Claude Guillemot, Ubisoft Co-Founder, Is Dead After Plane Crash in France

nytimes
By nytimes
3 Min Read


Claude Guillemot, a founder of the renowned video game publisher Ubisoft, the maker of the Assassin’s Creed and Far Cry franchises, as well as other games, died in a plane crash on Friday in France. He was 69.

“Ubisoft was deeply saddened to learn of the death of Claude Guillemot, co-founder of the group and chairman of Guillemot Corp., in an accident,” a spokesperson for Ubisoft said in a statement on Saturday. “Our thoughts are with his family and loved ones during this difficult time.”

The spokesperson did not provide additional details about the crash or Guillemot’s death.

The French news network ICI reported that a Cessna 421, a twin-engine propeller plane with eight seats, crashed shortly before 6 p.m. on Friday in La Baule, a seaside resort town in western France. The two people on board were killed, the network said.
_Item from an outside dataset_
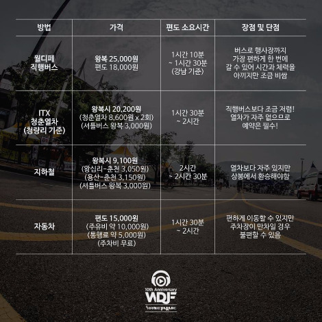 공간이 쾌적하며 밤새 놀 수 있는 것은 좋지만 문제는 춘천이 수도권에서 멀고 교통편도 좋지 않다는 것이다. 그리고 춘천으로 향하는 교통편은 그렇게 좋지도 않다. 왕복으로 최소 2시간 20분(직행버스)이 걸리며 다른 교통편은 더 힘들다. 이처럼 수도권 관객들도 힘든데 지방 관객들은 더더욱 힘들다. 문제는 행사장에 도착하는 것에서 끝나지 않는다. 일일권이 아닌 이틀권을 예매한 사람들 중 자가용이 없는 사람들에게는 숙소로 오고 가는 문제가 남아있기 때문이다. 행사장으로 가는 버스는 매우 한정되어 있고 그 버스가 숙소를 거친다는 보장도 없다. 결국 택시를 이용해야 하는데 이틀을 택시로 이동하는 것을 고려하면 택시비도 만만치 않다. 이 점은 그간 월디페(사운스 퍼레이드의 모 페스티벌)에 꾸준히 제기된 문제이다. 다행히 올해 서울로 옮기며 이러한 문제는 해결될 것으로 보인다.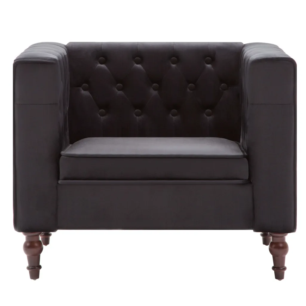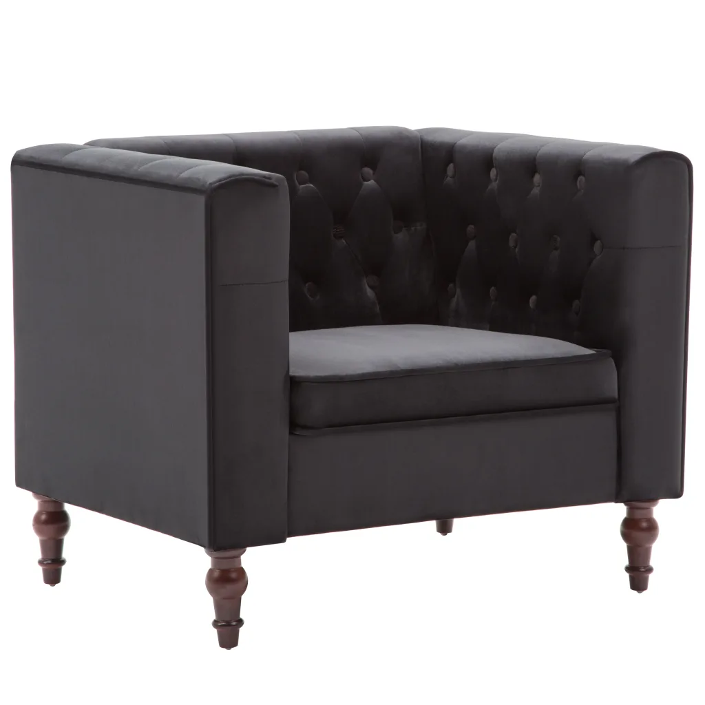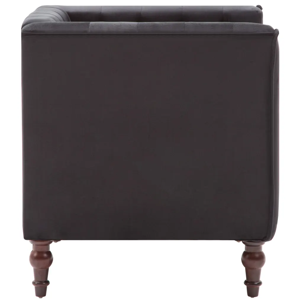 See must sametist tugitool lisab elutuppa, kontorisse või magamistuppa elegantse aktsendi ning loob mugava koha puhkamiseks. Klassikalised nööpdetailid, eriti laia käetugedega kuubikujuline vorm ja kontrastsed puidust jalad annavad interjöörile väljapeetud ilme, samal ajal kui pehme polsterdus tagab mõnusa istumiskogemuse.

Mayor Franck Louvrier of La Baule told ICI that the plane was approaching the town’s airport when, according to witnesses, it “banked and crashed.”

The identity of the second passenger was not yet known.

Guillemot founded Ubisoft Entertainment with his four brothers in 1986. From its early releases like Zombi to the hit 1990s platformer Rayman, Ubisoft captured a broad swath of the video game market.

Since the company first released Assassin’s Creed, a historical action-adventure series that follows two warring secret societies, in 2007, the game has attracted 200 million players. In an iteration released in 2025, Assassin’s Creed Shadows, players try to save 16th-century Japan from malevolent actors.

A New York Times review of the game applauded its “stunningly realized depiction” of Japan, adding, “Shadows offers more, digging deeper to deliver a fascinating, grounded picture beyond the wild, natural world.”

But some people online criticized the game for having “gone woke” by creating a Black samurai named Yasuke. Elon Musk, the tech entrepreneur, said Shadows was an example of how “D.E.I. kills art,” using an abbreviation for diversity, equity and inclusion. Ubisoft reminded players that its games were works of fiction, even as Yasuke was an actual historical figure.

A film and television division at Ubisoft is at work on adaptations of the Assassin’s Creed and Far Cry series.

The Guillemot Corporation, separate from Ubisoft, manufactures gaming accessories and audio equipment.